The BioShock series is arguably one of the most important video game franchises of all time. The first-person shooter games not only contain intense action and excellent gameplay, but also feature a complex narrative and an intriguing plot that few other FPS games have managed. Having such an interesting story that spans across all games of the franchise and their respective DLC packs means that there are plenty of BioShock mysteries for fans to discover.
The fan theories from the BioShock games are easily some of the most complicated and well thought-out in gaming.

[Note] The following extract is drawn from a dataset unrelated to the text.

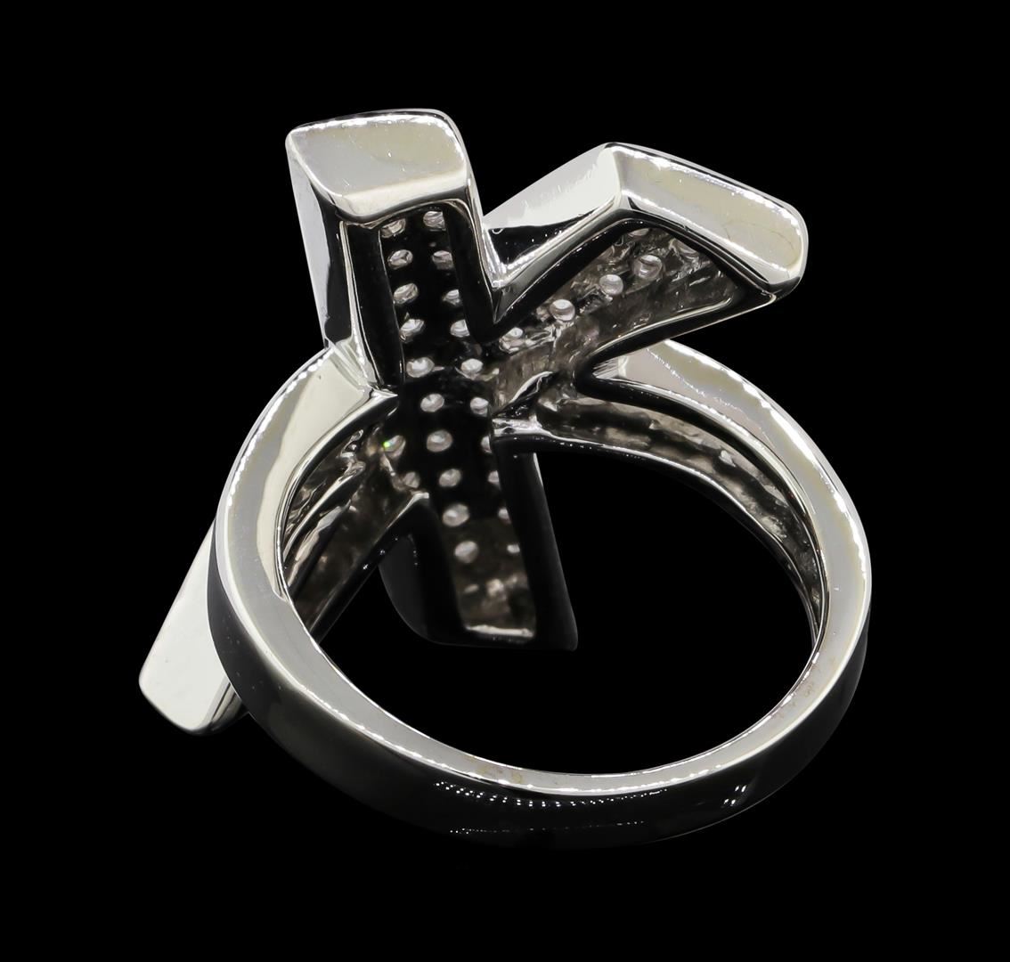 One electronically tested 18KT white gold lady's cast fashion "x" motif ring with a bright polish finish. The featured lady's ring has a shank measuring 2.75 millimeters wide. Identified with markings of "750". Condition is new, good workmanship. Containing: Sixty-Nine prong set round brilliant cut diamonds, measuring 1.60 - 1.50 x 0.96mm (depth est.) approximate total weight of 69 Stones = 1.00ct. Graded in the setting. Clarity: SI-1 to I-1. Color: G - HCut Good. Total Weight of Diamonds 1.00ct. Total Weight of Ring 6.50gm. GAS Appraised.

They range from trying to make sense of the confusing ending of BioShock Infinite to proposing new ideas about how the protagonist and antagonists are intrinsically linked throughout all three titles. So if you are a big fan of the franchise, read these conspiracy theories about BioShock and vote up the ones that are so brilliant, they might be true.
Elizabeth And Booker Are Living Happily Together In One Parallel Universe
Several users over at Irrational Game’s forums believe that the ending of the series might actually mean Elizabeth and Booker have finally found peace. The brief post-credit screen shows Booker heading over to a crib, with some believing that this means the two are now able to live together peacefully as father and daughter. This would mean that both have managed to survive their apparent deaths at the end of BioShock Infinite and Burial At Sea.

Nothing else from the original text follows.